JinXing Digital CO.Ltd
- Company type: Private
- Industry: Consumer electronics
- Headquarters: Shenzhen, Guangdong, China
- Area served: North America, South America, Europe, Asia, Middle East, Africa, Oceania
- Products: Tablet PC, Game Consoles, MP3, MP4 players and other electronics
- Services: OEM Service Offered (Contract Manufacturing)
- Revenue: US$2.5 Million - US$5 Million
- Number of employees: 101 - 200 People
- Website: www.jxd.hk

= JXD =

Chinese electronics manufacturer

JinXing Digital CO.Ltd or Jianghang Digital (commonly referred to as JXD, 金星电子有限公司) is a Chinese manufacturer of consumer electronics based in Shenzhen, Guangdong.

==History==
Established in 1995, Jinxing Digital Co. Ltd is a manufacturer that specializes in the production of MP3 players and other consumer electronic products.

In 2005, the company started manufacturing flash MP4 players, HD MP4 and PMPs.
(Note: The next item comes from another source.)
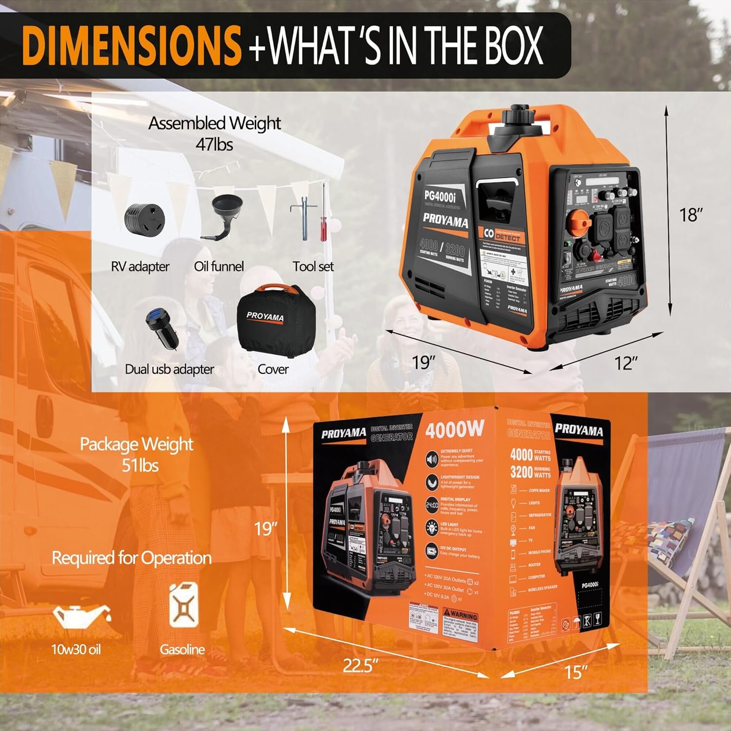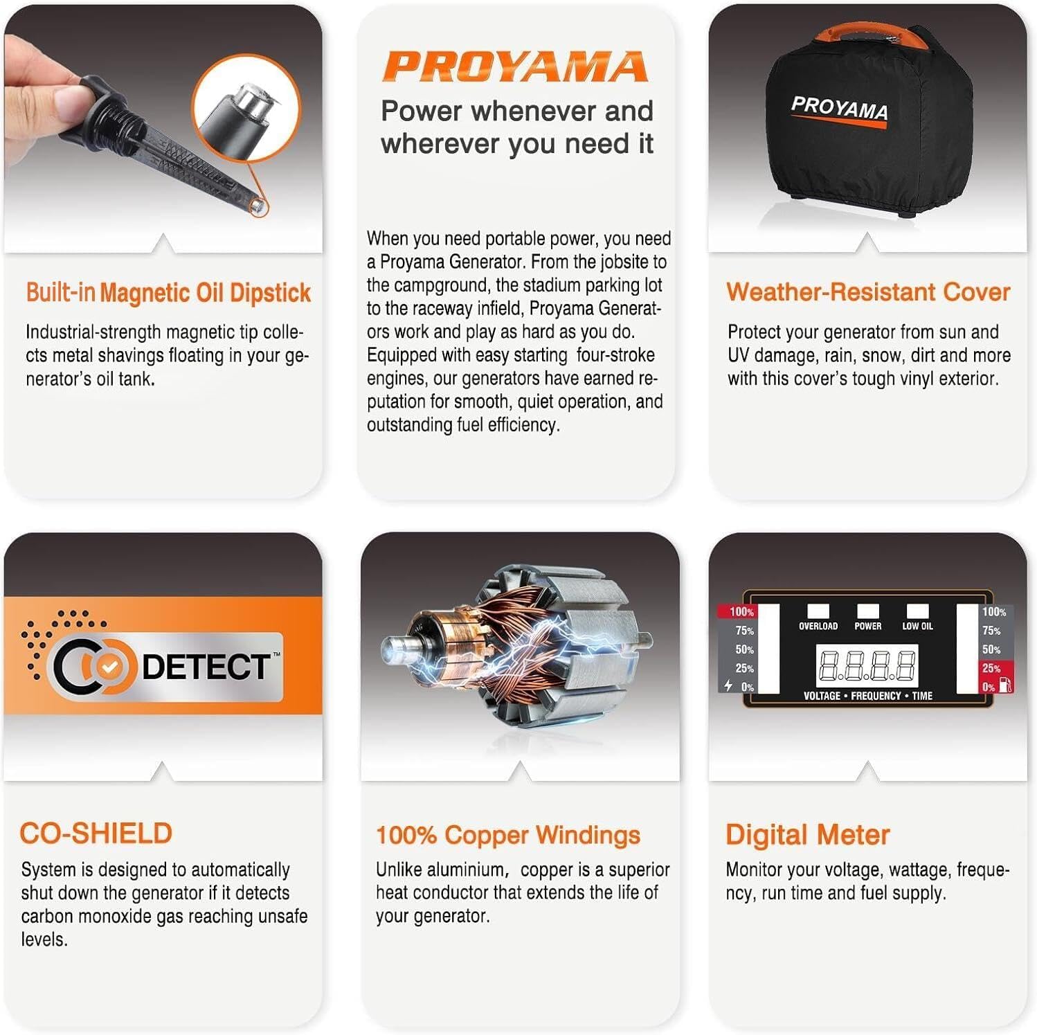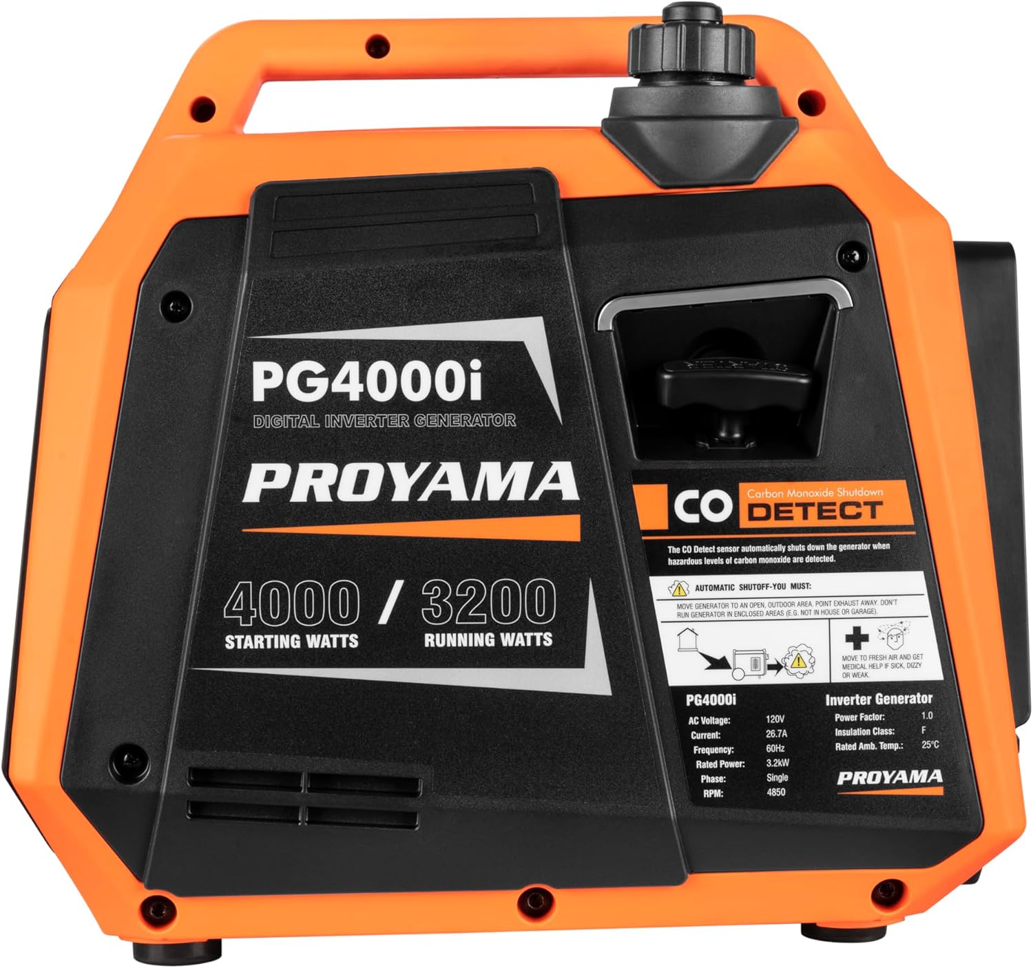 PROYAMA 4000W Portable Gas Inverter Generator, CO Sensor, Digital Interface, RV – Ready, LED Light, ECO – Mode, Parallel Capable, Low Oil Shutoff, Super Quiet and Lightweight with Weatherproof Cover

JXD's first product to garner interest from retro gamers was the JXD 301, which had a Blackfin 533 MHz processor and could emulate a wide variety of retro video game consoles in a handheld format.

==Android products==
JXD produce a range of Android tablets which use a gaming console formfactor.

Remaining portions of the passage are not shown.